The mural in the Badal Mahal [fig.4] illustrates the successful horseman, whereas the drawing exemplifies a very dangerous moment of the sowar who tries to plunge his push-dagger into the trunk of the elephant in order to safe his life. Another dangerous situation involving an elephant is represented on the Eastern wall, level (C) of the Badal Mahal, [fig.5]. It’s rendering is too well done to be just a product of the artist’s imagination. What happened?

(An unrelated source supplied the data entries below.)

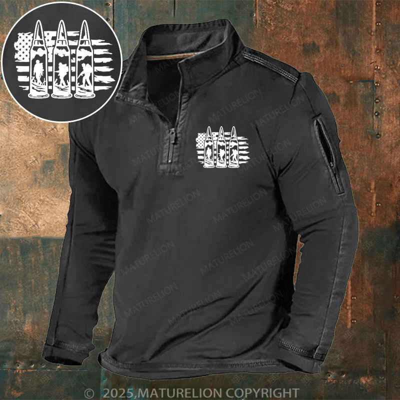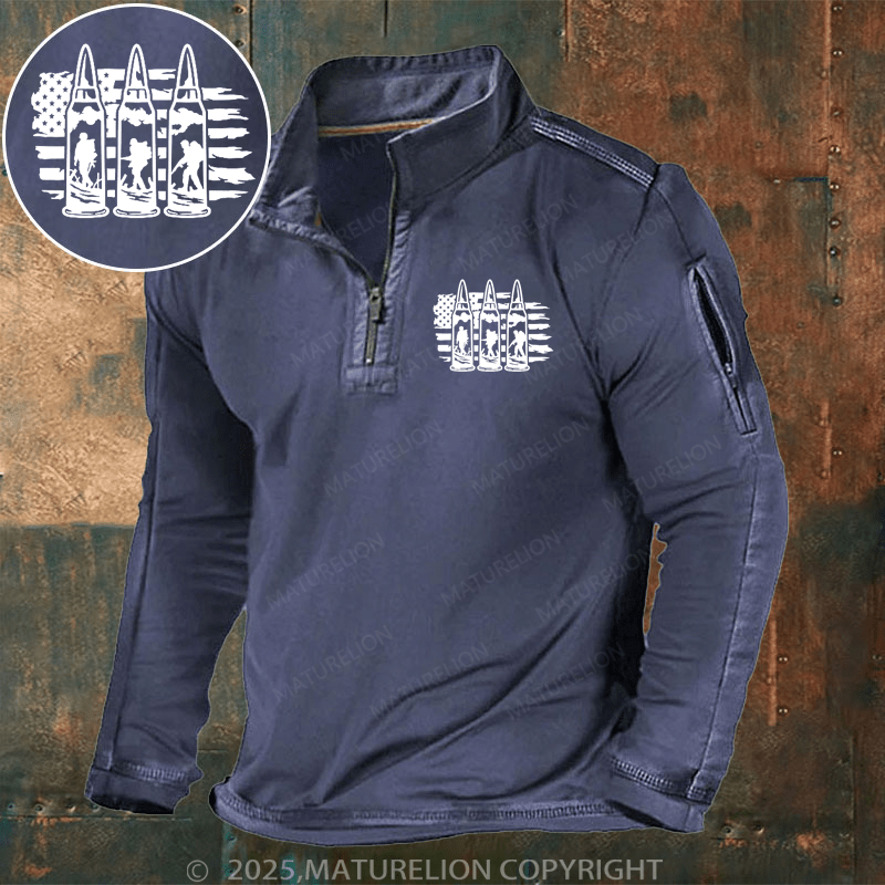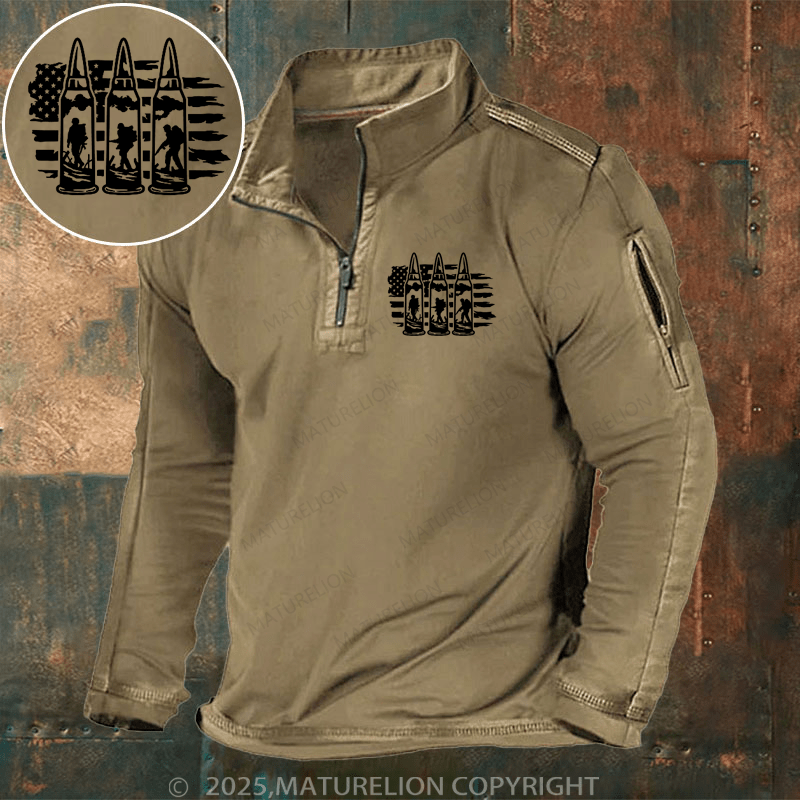 Maturelion Men's Henley Shirt Veteran Bullet Henley Shirt
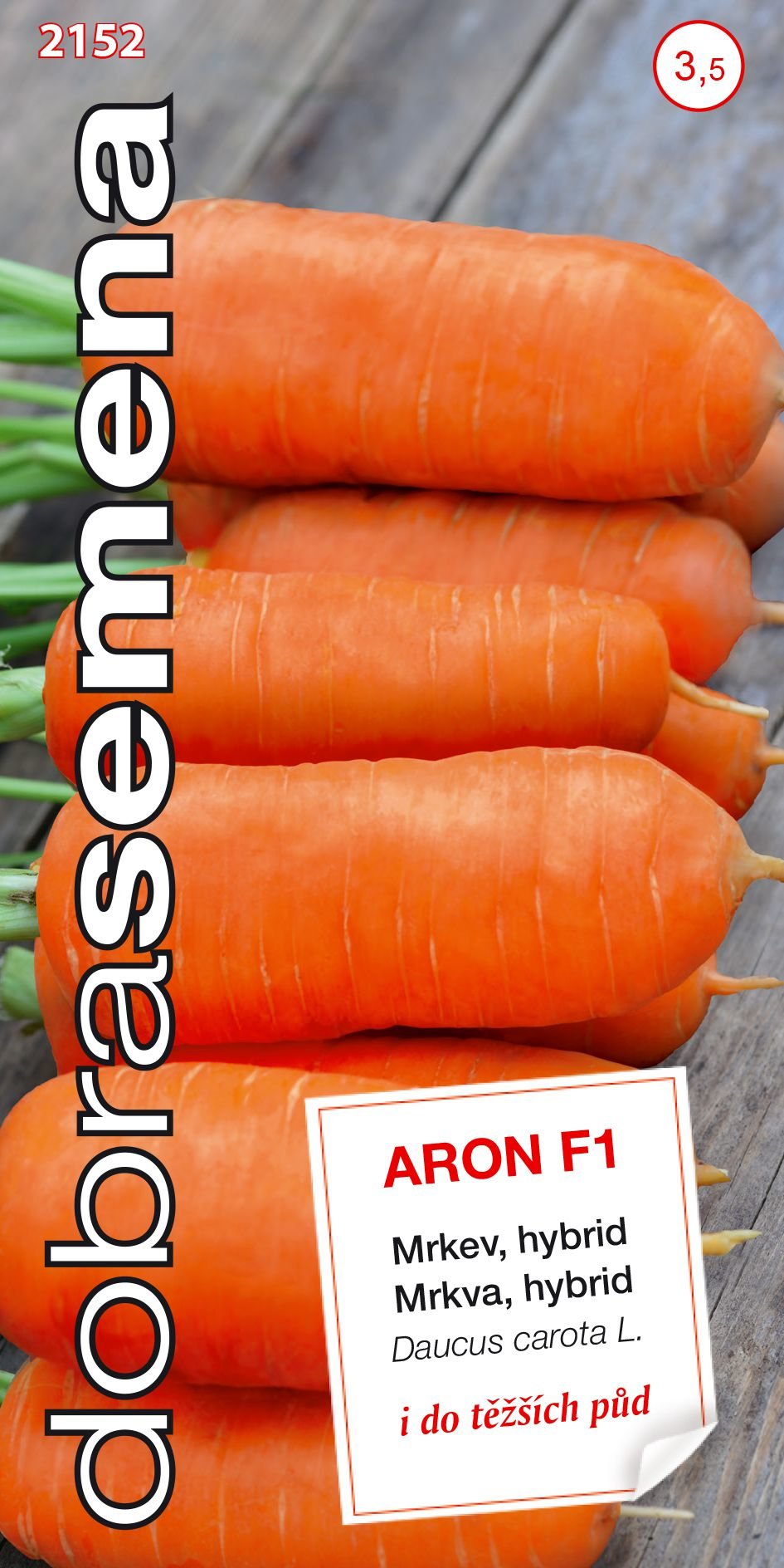 ARON F1 - velmi raná hybridní mrkev s krátkým, pouze 10 cm dlouhým kořenem. Vhodná i pro pěstování v těžších půdách. Kořen je válcovitý, pravidelný, s tupým zakončením. Dřen i kůra kořene jsou oranžové, hlava kořene nezelená ani nefialoví. Odrůda je vhodná k rychlení i k jarním až srpnovým výsevům. Vegetační doba je 75 - 80 dnů. Vhodná pro sklizeň malých „baby“ mrkviček ze zahuštěných výsevů.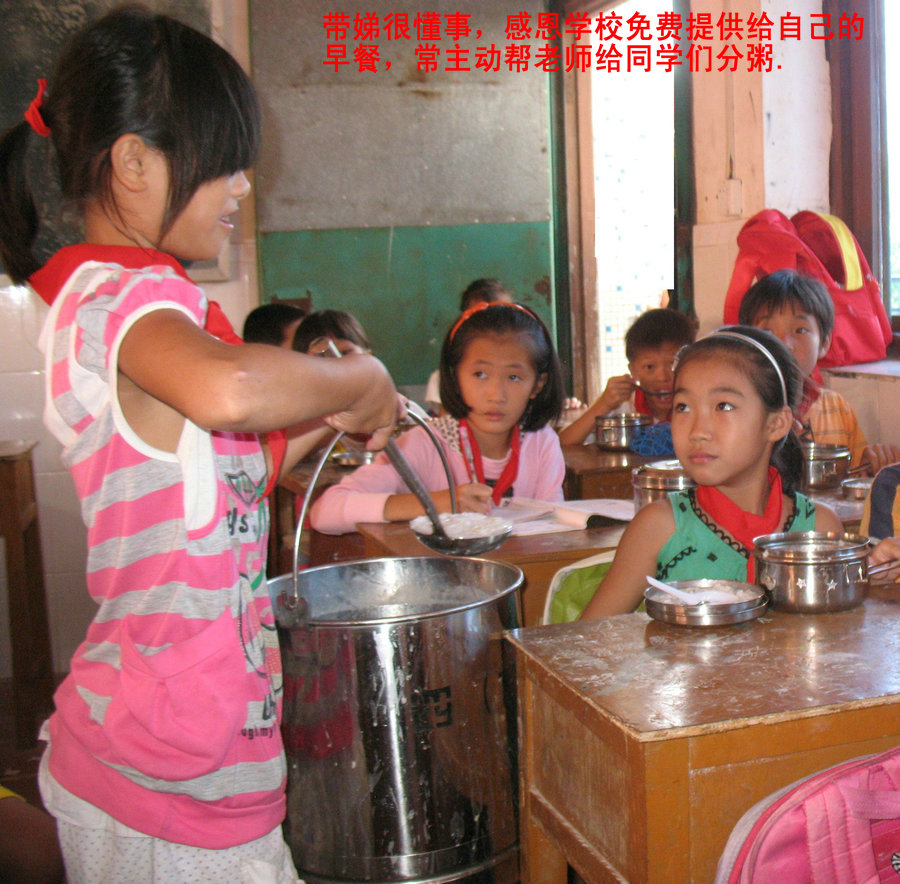 而后我们到严明珍所在学校了解到,严明珍小学毕业的成绩已达到了电海中学(省一级中学)的录取线,因家里经济贫困而没能如愿,加之担心父亲年迈多病无人照料,妹妹尚幼无人照顾,在下海小学学校领导的帮助下,严明珍进入了爵山中学的尖子班并争取了一个学期100元的特困生补助,虽是离家最近的一所中学,但严明珍也是该学校离家最远的一名学生,每天她需花费两个多小时,骑着自行车来回20公里上学,因所住地离学校较远而没能参加晚自修,晚上回去还要在理发店帮忙,安排自修复习的时间因此减少,成绩有所下滑,感觉很是吃力。言谈中,明珍对学习抱有强烈的愿望,对自己的成绩下滑充满无奈与深具无助感,她希望能有更多的时间投入到学习中去。妹妹严带娣,下海小学领导为其免除了所有的书杂费才得以继续上学,同时懂事的带娣,为感激学校免费为其提供的早餐,她在学校每天都会主动协助老师给同学们分配早餐。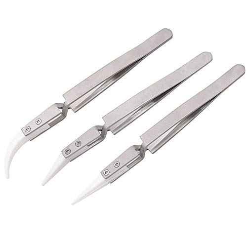 YAKAMOZ 3pcs Precision Reverse Ceramic Tweezers Non-Conductive, Heat Resistant, Anti-Magnetic Pointed & Curved Tips Tweezer Set for Pinching Coils While Firing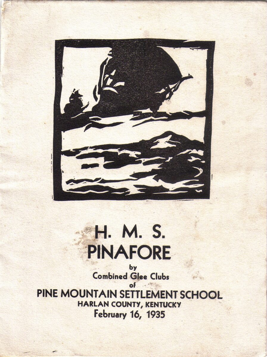 “H.M.S. Pinafore” productions occurred several times at Pine Mountain Settlement School. Although this two-act operetta, written by W.S. Gilbert and Arthur Sullivan, was a demanding musical piece, it never failed to please at both the audience and the performer level. The cast was comprised of staff and students. The joint effort was a practice that was often found in the School theater productions. By engaging all available campus dwellers, the audience was guaranteed and talent was found across all residents at the School.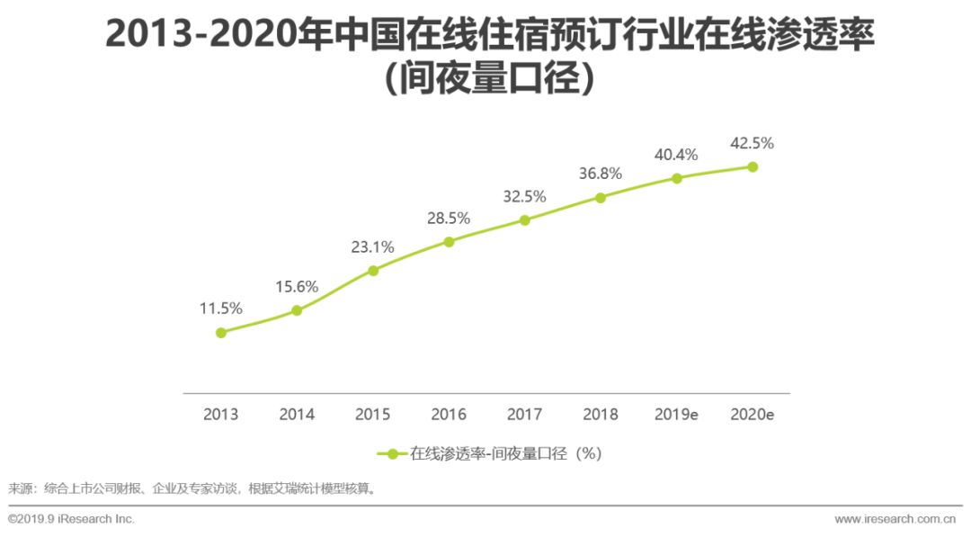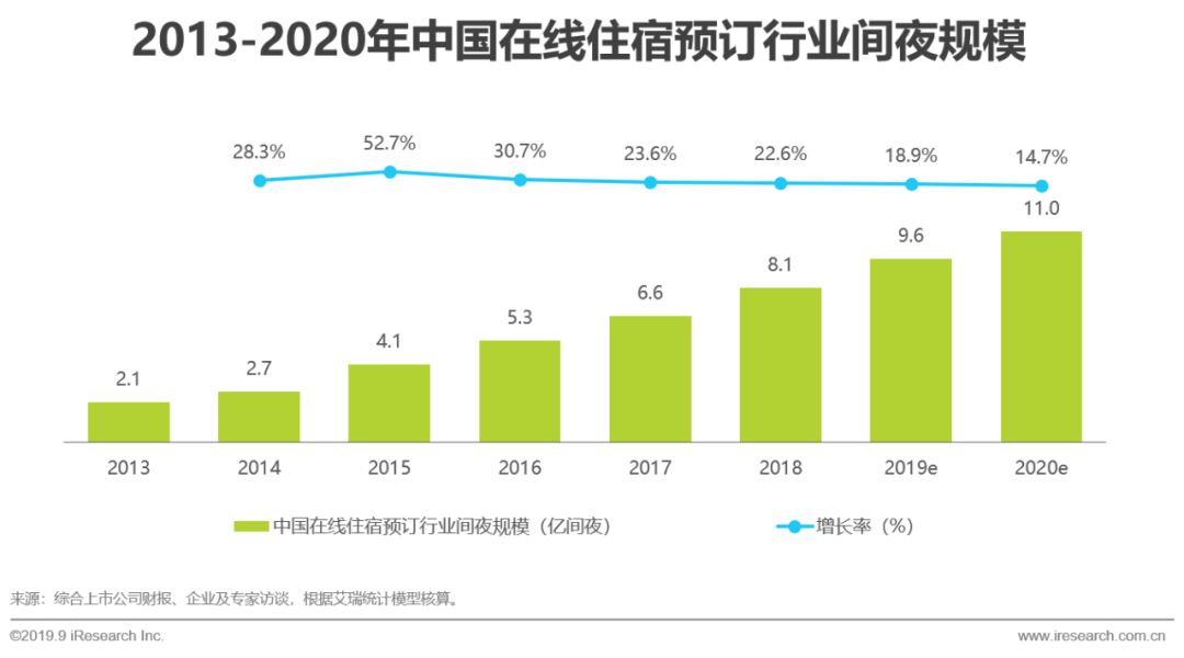 •2019年中国在线住宿预订市场间夜规模预计达9.6亿间夜

The centre of the Eastern wall shows a combat of two huge dark elephants. This fight is being observed by Rao Ratan and a large amount of courtiers, seated safely on elevated, solid platforms, tribunes, so to say, accessible only by a flight of stairs. The apparent safety of these elevated stands, however, is suddenly no longer guaranteed, as one of the fighting elephants is not impressed by the flight of stairs. The animal, by mounting the stairs, suddenly gets on one of the visitor’s grandstands, his trunk wiping off the unarmed spectators from the platform. Several visitors literally fly in horror, breaking their skull when dashing on the ground.
These few examples alone account for the great spiritedness in depicting dramatic situations on behalf of the artists working for the rulers of Bundi. The murals in the Badal Mahal constitute the cradle of a later offshoot of the Bundikalam, the style of Kota, a state separated by Imperial decree from Bundi, following the demise of Rao Ratan, a ruler with taste.